**WHAT TO DO**
Retype all of the data word for word, without pictures.

** DATA follows **

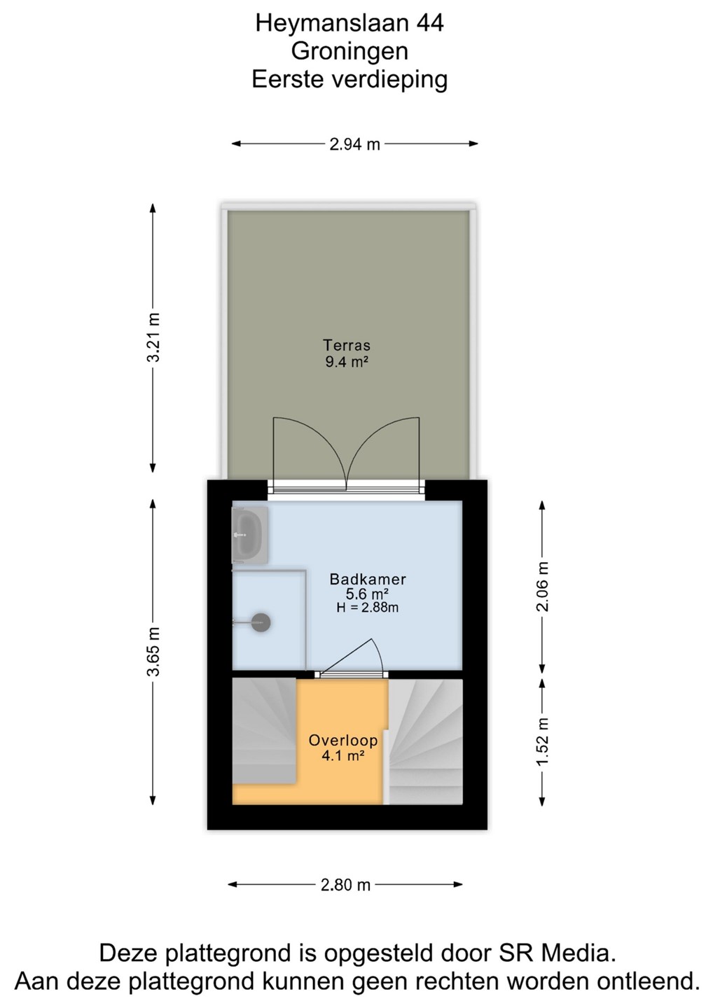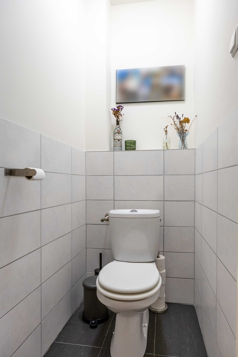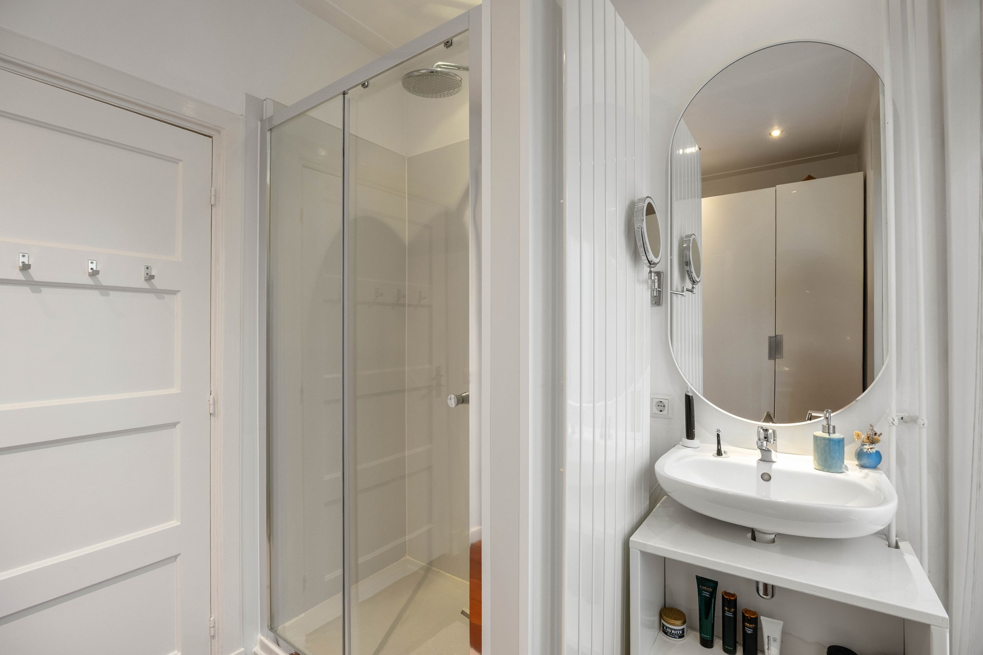 Op de eerste verdieping bevindt zich de badkamer, die beschikt over een douche en wastafelmeubel. Via de openslaande deuren heb je toegang tot het dakterras van ruim 9 m², gelegen op het zuidwesten.
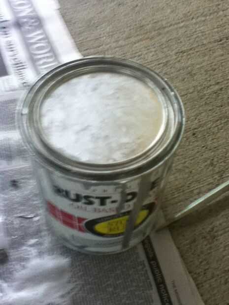 1: 2 la jarra de la leche: pintura Rustolium 3: pintar mezclador y cepillos 4: Diario 5: cepillo de Metal
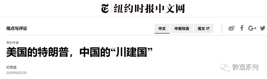 他這篇最新文章《美國的特朗普,中國的川建國》也一樣,他很清楚中國人民喜愛特朗普,於是把這件事暴露出來,還大談中國網民給特朗普取的綽號“川建國”,就是在中國人眼裏,特朗普是一個多麼熱愛中國,多麼為中國利益着想的美國總統。

** End of DATA **

**SOLUTION TO THIS TASK**
 Op de eerste verdieping bevindt zich de badkamer, die beschikt over een douche en wastafelmeubel. Via de openslaande deuren heb je toegang tot het dakterras van ruim 9 m², gelegen op het zuidwesten.
 1: 2 la jarra de la leche: pintura Rustolium 3: pintar mezclador y cepillos 4: Diario 5: cepillo de Metal
 他這篇最新文章《美國的特朗普,中國的川建國》也一樣,他很清楚中國人民喜愛特朗普,於是把這件事暴露出來,還大談中國網民給特朗普取的綽號“川建國”,就是在中國人眼裏,特朗普是一個多麼熱愛中國,多麼為中國利益着想的美國總統。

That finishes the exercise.